> [Work required] Given the records underneath, please repeat exactly the lines from the line with "Цитирование, в узком" through the line with "Partly-printed DS as", passing over any picture.

> [Source data]
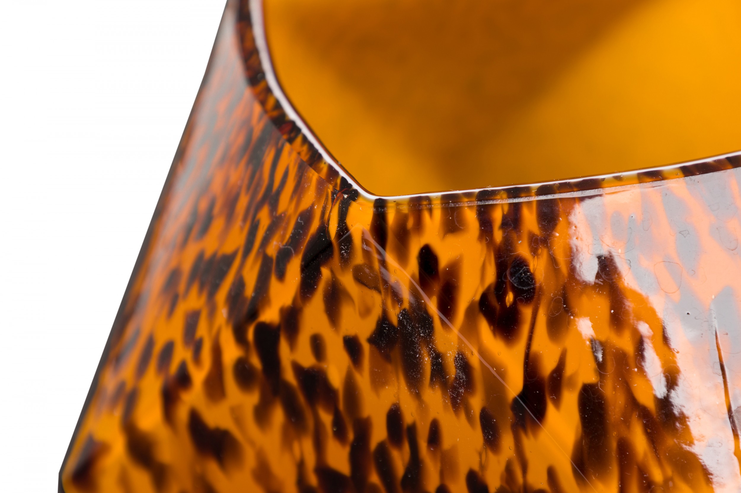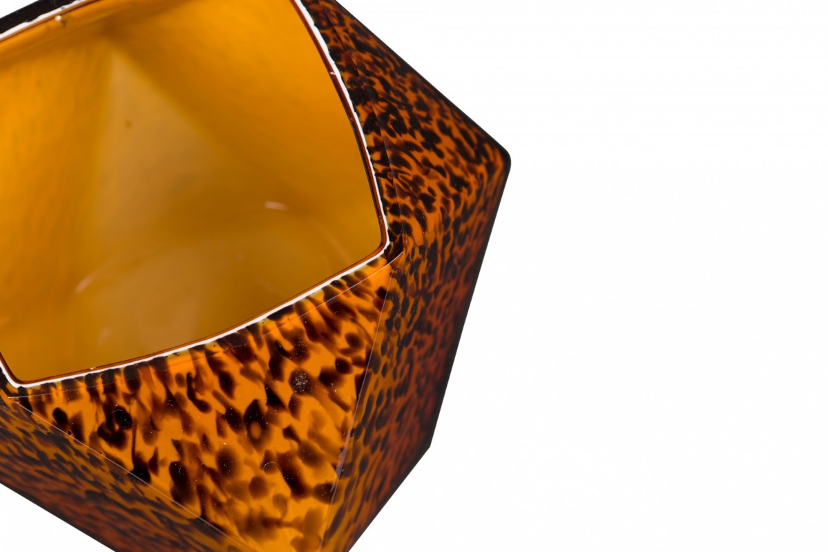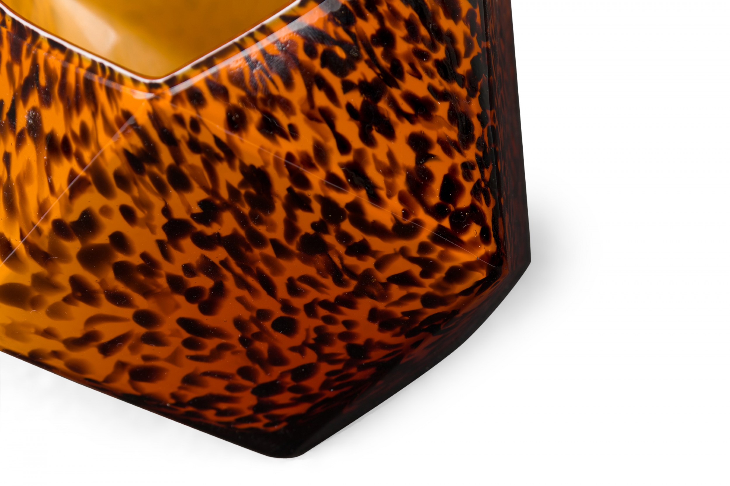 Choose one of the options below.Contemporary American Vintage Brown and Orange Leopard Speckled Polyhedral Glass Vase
---
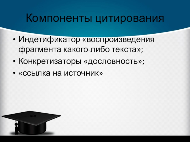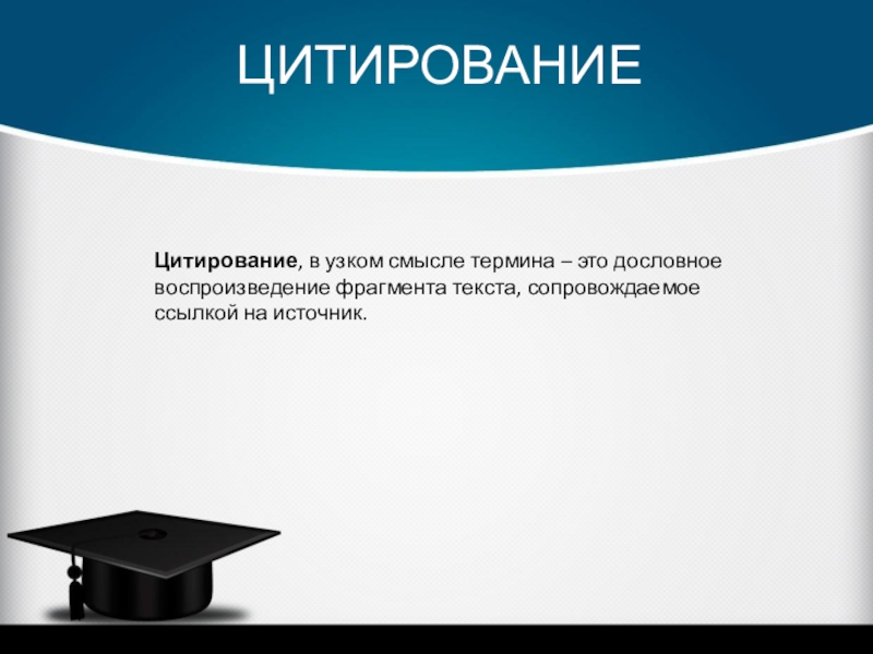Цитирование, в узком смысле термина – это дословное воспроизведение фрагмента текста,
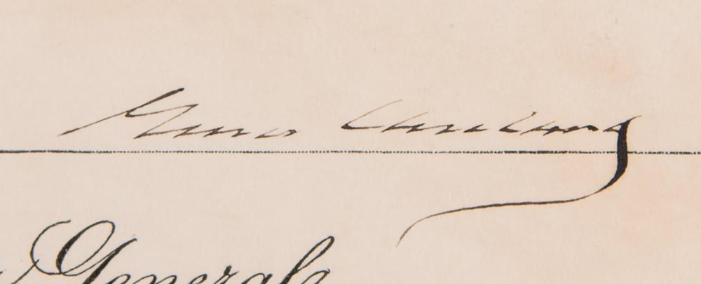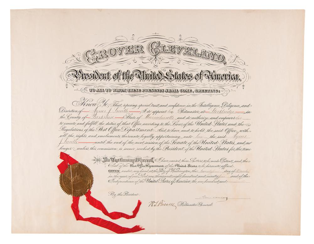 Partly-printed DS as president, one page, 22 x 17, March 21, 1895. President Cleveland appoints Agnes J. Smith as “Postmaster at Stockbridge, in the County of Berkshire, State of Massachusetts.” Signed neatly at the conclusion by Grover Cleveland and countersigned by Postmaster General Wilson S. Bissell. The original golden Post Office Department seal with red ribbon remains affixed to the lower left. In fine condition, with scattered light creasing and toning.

> [Expected answer]
Цитирование, в узком смысле термина – это дословное воспроизведение фрагмента текста,
 Partly-printed DS as president, one page, 22 x 17, March 21, 1895. President Cleveland appoints Agnes J. Smith as “Postmaster at Stockbridge, in the County of Berkshire, State of Massachusetts.” Signed neatly at the conclusion by Grover Cleveland and countersigned by Postmaster General Wilson S. Bissell. The original golden Post Office Department seal with red ribbon remains affixed to the lower left. In fine condition, with scattered light creasing and toning.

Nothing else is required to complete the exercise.